ACTIVITY: Produce a verbatim copy of the data below that contains no pictures.

INFORMATION SUPPLIED:
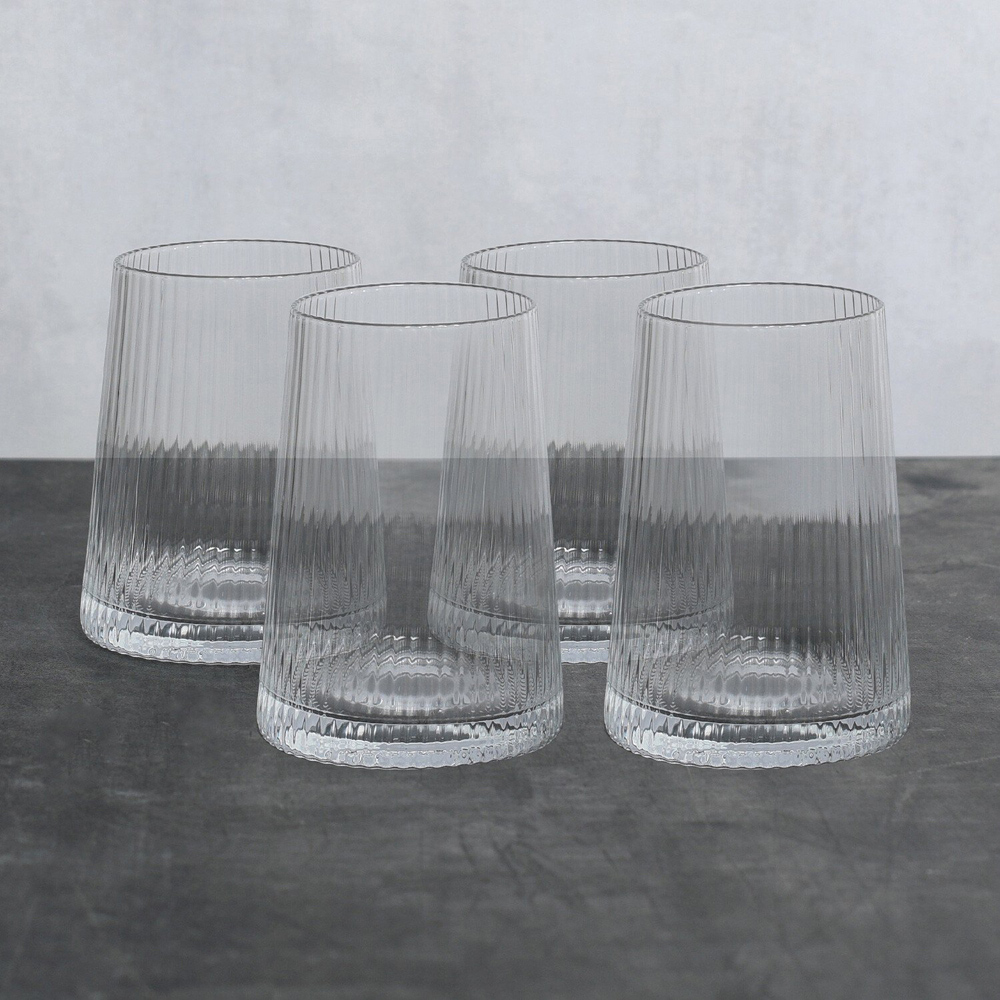 Add a touch of vintage charm to your table with this set of four Enya ribbed tumblers. Their conical shape and unique ribbed detailing offer a contemporary twist on a classic design, perfect for everyday use or entertaining. Ideal for parties and events, these glasses are ready to hold your favourite drink.
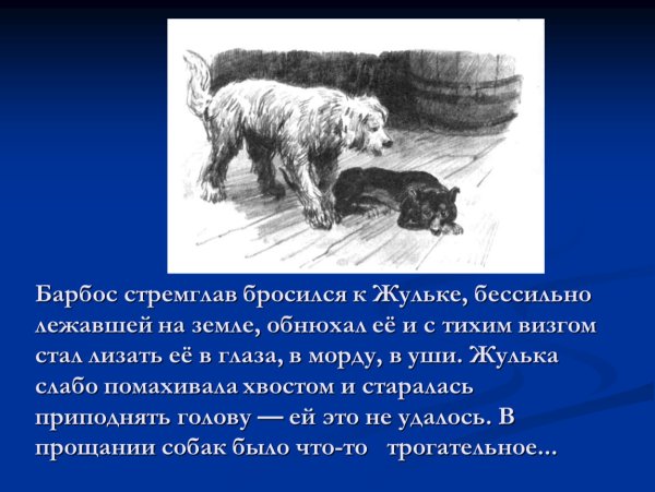 Иллюстрации к рассказу "Барбос и Жулька" Александра Куприна являются живописным отображением событий и персонажей этого удивительного произведения. Каждая иллюстрация оживляет историю, позволяя читателю глубже погрузиться в мир Барбоса и Жульки, двух беззаботных и верных друзей. От изображений радостных игр и хитрых выходок до серьезных и трогательных моментов, иллюстрации передают основные эмоции и настроение рассказа. Они придают тексту дополнительную глубину и помогают визуализировать мир Куприна, создавая неповторимую атмосферу детства и дружбы.
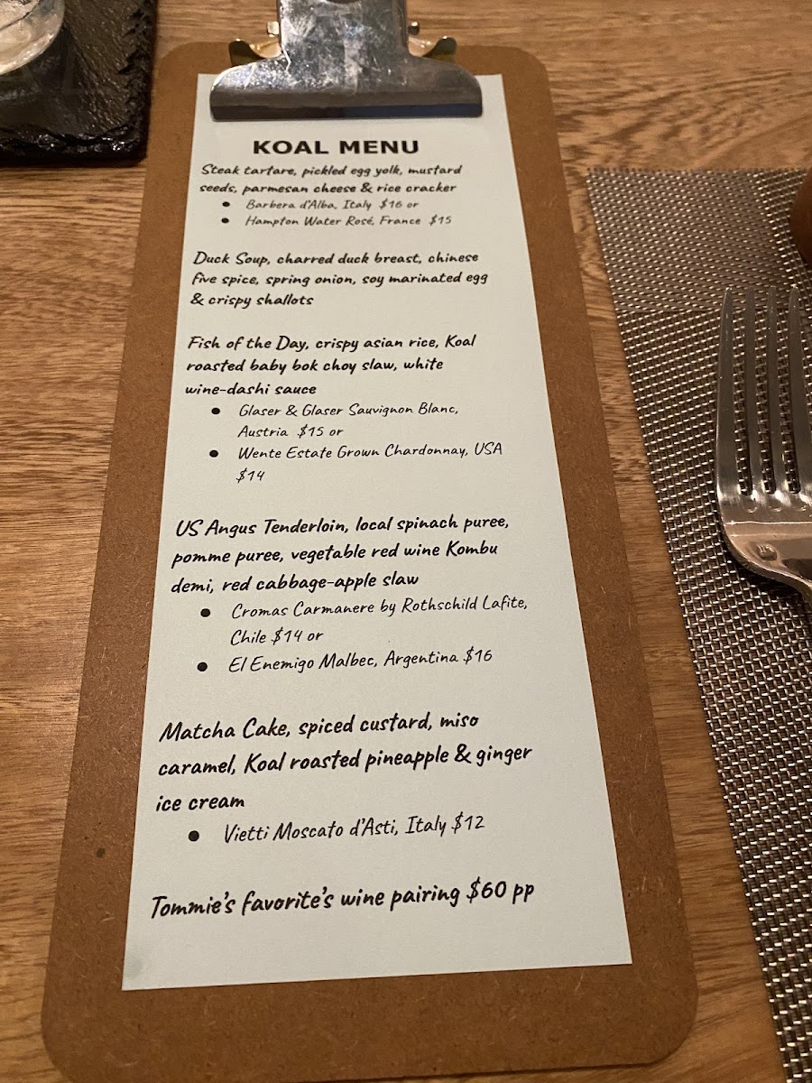 Additionally, KOAL's ambiance plays a crucial role in enhancing the overall experience. Housed in an older historic building, the décor reflects a sophisticated yet welcoming setting that invites conversation and relaxation. With a focus on rotating the menu seasonally, guests are encouraged to return to discover new tastes and surprises on each visit.

REPLY:
 Add a touch of vintage charm to your table with this set of four Enya ribbed tumblers. Their conical shape and unique ribbed detailing offer a contemporary twist on a classic design, perfect for everyday use or entertaining. Ideal for parties and events, these glasses are ready to hold your favourite drink.
 Иллюстрации к рассказу "Барбос и Жулька" Александра Куприна являются живописным отображением событий и персонажей этого удивительного произведения. Каждая иллюстрация оживляет историю, позволяя читателю глубже погрузиться в мир Барбоса и Жульки, двух беззаботных и верных друзей. От изображений радостных игр и хитрых выходок до серьезных и трогательных моментов, иллюстрации передают основные эмоции и настроение рассказа. Они придают тексту дополнительную глубину и помогают визуализировать мир Куприна, создавая неповторимую атмосферу детства и дружбы.
 Additionally, KOAL's ambiance plays a crucial role in enhancing the overall experience. Housed in an older historic building, the décor reflects a sophisticated yet welcoming setting that invites conversation and relaxation. With a focus on rotating the menu seasonally, guests are encouraged to return to discover new tastes and surprises on each visit.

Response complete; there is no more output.